Close-up view of someone playing the Strategy board game

DeepNash knows how to play the online version of the board game. It was lost in the Midwest.

Artificial intelligence has fallen in love with another game. A board game that requires long-term strategic thinking in the face of imperfect information has been matched by an artificial intelligence.

There are top human players in the game.

The achievement, described in Science on 1 December 1, comes hot on the heels of a study reporting an artificial intelligence that can play Diplomacy 2 in which players must negotiate.

Michael Wellman is a computer scientist at the University of Michigan who studies strategic reasoning and game theory. There are challenges that are different from games for which analogous milestones have been reached.

Imperfect information

It's more complicated than chess, Go or poker because it has characteristics that make it more difficult to play. Two players place 40 pieces on a board and can't see what their opponent's pieces are. The goal is to eliminate the opponent and get a flag. The graph of all possible ways in which the game can be played has 10 535 states. In terms of imperfect information at the start of a game, Stratego has 10 66 possible private positions, dwarfing the 10 6 such starting situations in two-player Texas hold'em poker.

According to a DeepMind researcher based in Paris, the sheer complexity of the number of possible outcomes in Stratego means that even the best programs don't work.

At Go, self-taught artificial intelligence is the best.

They developed DeepNash.

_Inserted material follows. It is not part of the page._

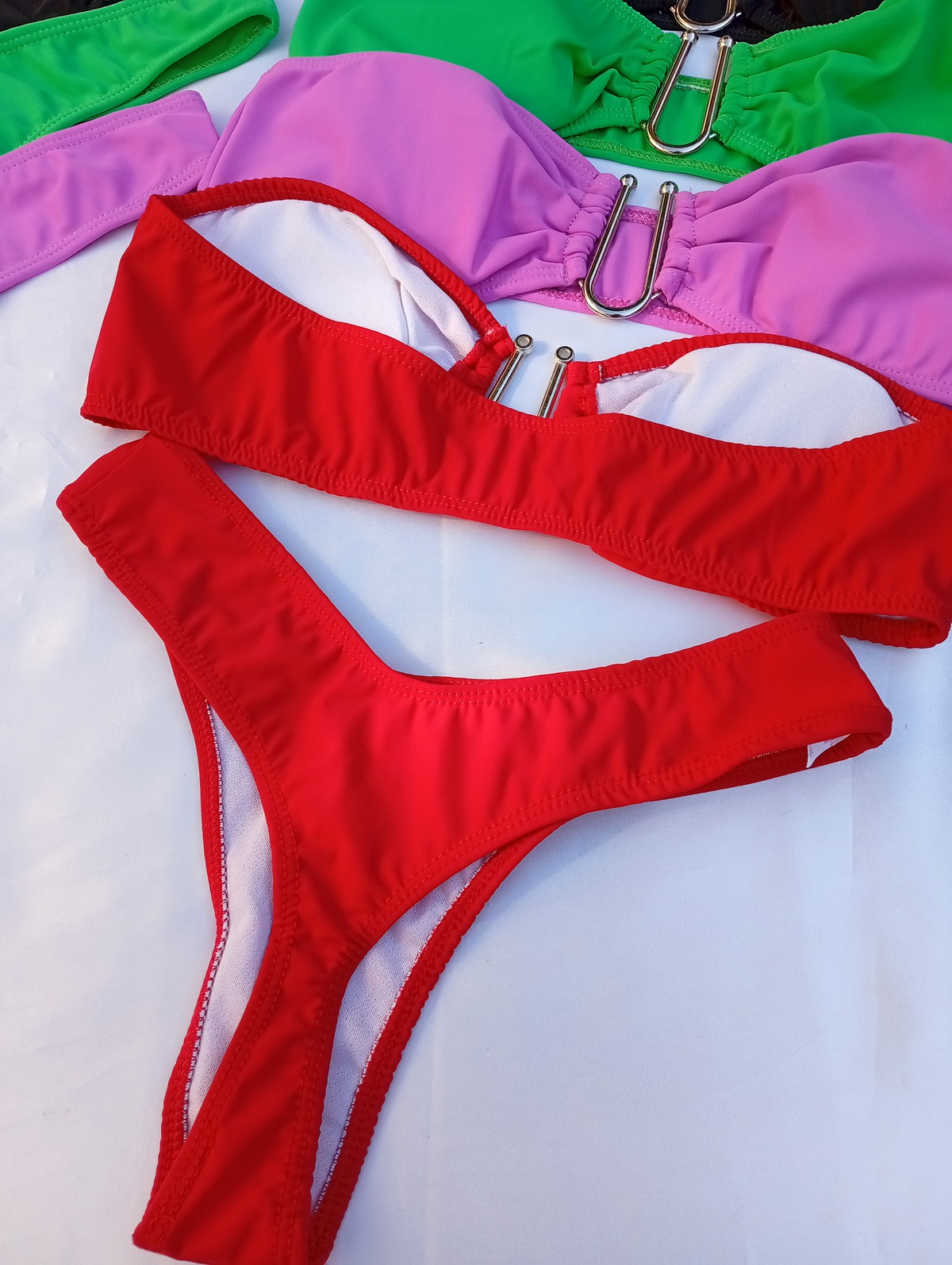 Es bikini confeccionada en Tricot, resistente al cloro de las piscinas.

John Nash, a US mathematician, came up with the term Nash equilibrium, a stable set of strategies that can be followed by all of a game's players, such that no player benefits by changing strategy on their own. One or many Nash equilibria can be found in games.

DeepNash uses a deep neural network and reinforcement learning to find a Nash equilibrium. The best policy to dictate action in a game is reinforcement learning. DeepNash has played more games against itself than any other person. The parameters of the neural network are adjusted if one side gets a reward and the other is punished. DeepNash converges on an equilibrium. DeepNash doesn't search through the game tree to find ways to improve.

During the month of April, DeepNash competed with human players on Gravon. After 50 matches, DeepNash was ranked third. Karl Tuyls, a DeepMind researcher based in Paris, says that search techniques do not need to be used to solve complex games. This is a huge step forward in the field of artificial intelligence.

Noam Brown, a researcher at Meta Artificial Intelligence, based in New York City, agrees that the results are impressive.

Diplomacy machine

Brown and his colleagues at Meta are trying to build an artificial intelligence that can play Diplomacy, a game with up to seven players, each representing a major power before the First World War. The goal is to control supply centers by moving units. The game requires private communication and active cooperation unlike two-player games.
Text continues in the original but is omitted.